**Problem**
Return the run of lines below that opens with the line containing "美術の授業では、漢字の意味を" and closes with the line containing "Η ημερήσια αναφορά", keeping each one exact.

**Task inputs**
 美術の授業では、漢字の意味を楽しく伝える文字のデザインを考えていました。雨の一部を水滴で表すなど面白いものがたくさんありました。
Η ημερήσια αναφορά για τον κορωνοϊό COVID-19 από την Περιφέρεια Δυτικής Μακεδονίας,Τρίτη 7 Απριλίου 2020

* * *

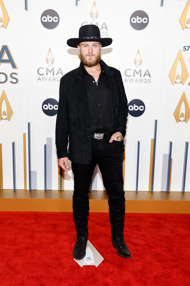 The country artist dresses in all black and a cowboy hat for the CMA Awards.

**Response to the exercise**
 美術の授業では、漢字の意味を楽しく伝える文字のデザインを考えていました。雨の一部を水滴で表すなど面白いものがたくさんありました。
Η ημερήσια αναφορά για τον κορωνοϊό COVID-19 από την Περιφέρεια Δυτικής Μακεδονίας,Τρίτη 7 Απριλίου 2020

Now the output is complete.